For the records below, output word for word the lines from the one with "Ink on paper, framed, featuring" up to and including the one with "Une vidéo filmée". No pictures.

** Dataset follows **

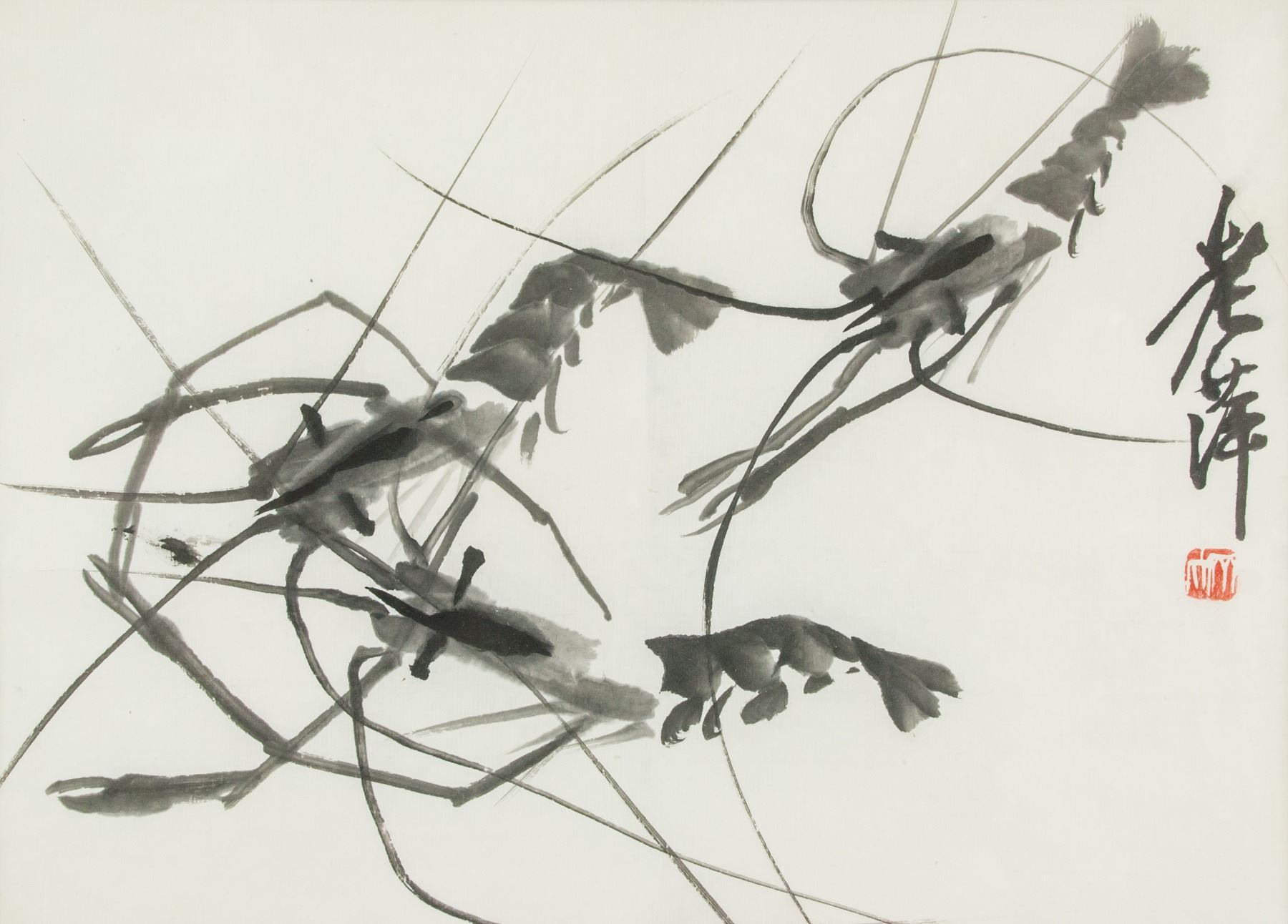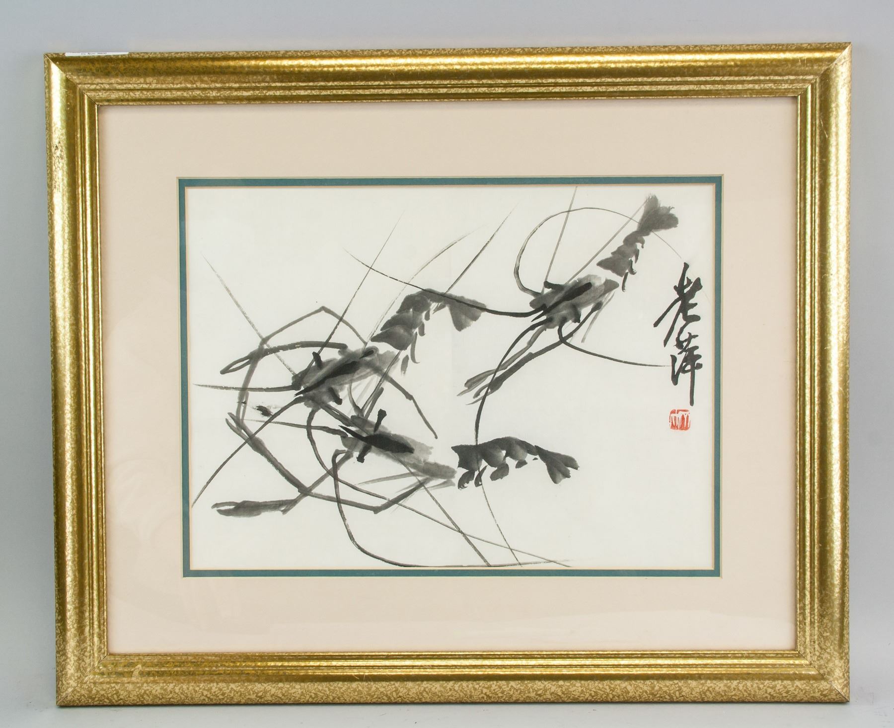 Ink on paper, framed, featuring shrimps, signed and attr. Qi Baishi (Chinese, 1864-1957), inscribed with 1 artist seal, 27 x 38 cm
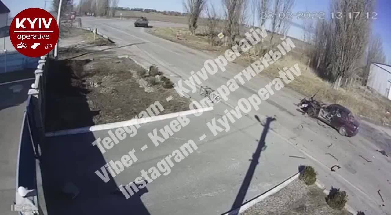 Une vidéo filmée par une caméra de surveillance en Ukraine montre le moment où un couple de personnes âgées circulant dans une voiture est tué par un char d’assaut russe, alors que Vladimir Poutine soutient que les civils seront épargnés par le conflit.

** End of Dataset **
** Dataset follows **

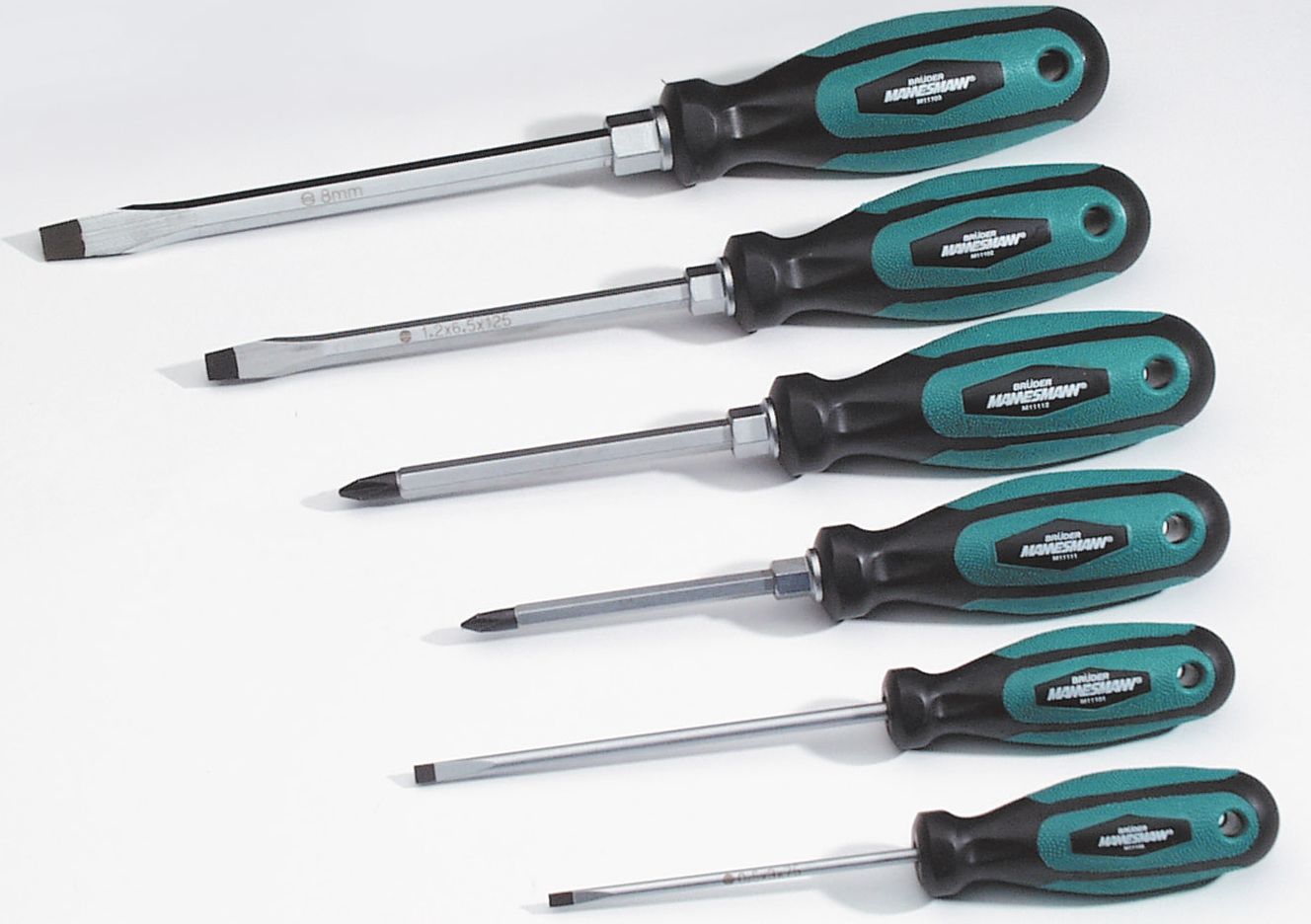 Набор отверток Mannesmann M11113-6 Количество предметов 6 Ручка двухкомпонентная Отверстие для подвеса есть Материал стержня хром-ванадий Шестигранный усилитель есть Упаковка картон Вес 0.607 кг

** End of Dataset **

• Expected answer
 Ink on paper, framed, featuring shrimps, signed and attr. Qi Baishi (Chinese, 1864-1957), inscribed with 1 artist seal, 27 x 38 cm
 Une vidéo filmée par une caméra de surveillance en Ukraine montre le moment où un couple de personnes âgées circulant dans une voiture est tué par un char d’assaut russe, alors que Vladimir Poutine soutient que les civils seront épargnés par le conflit.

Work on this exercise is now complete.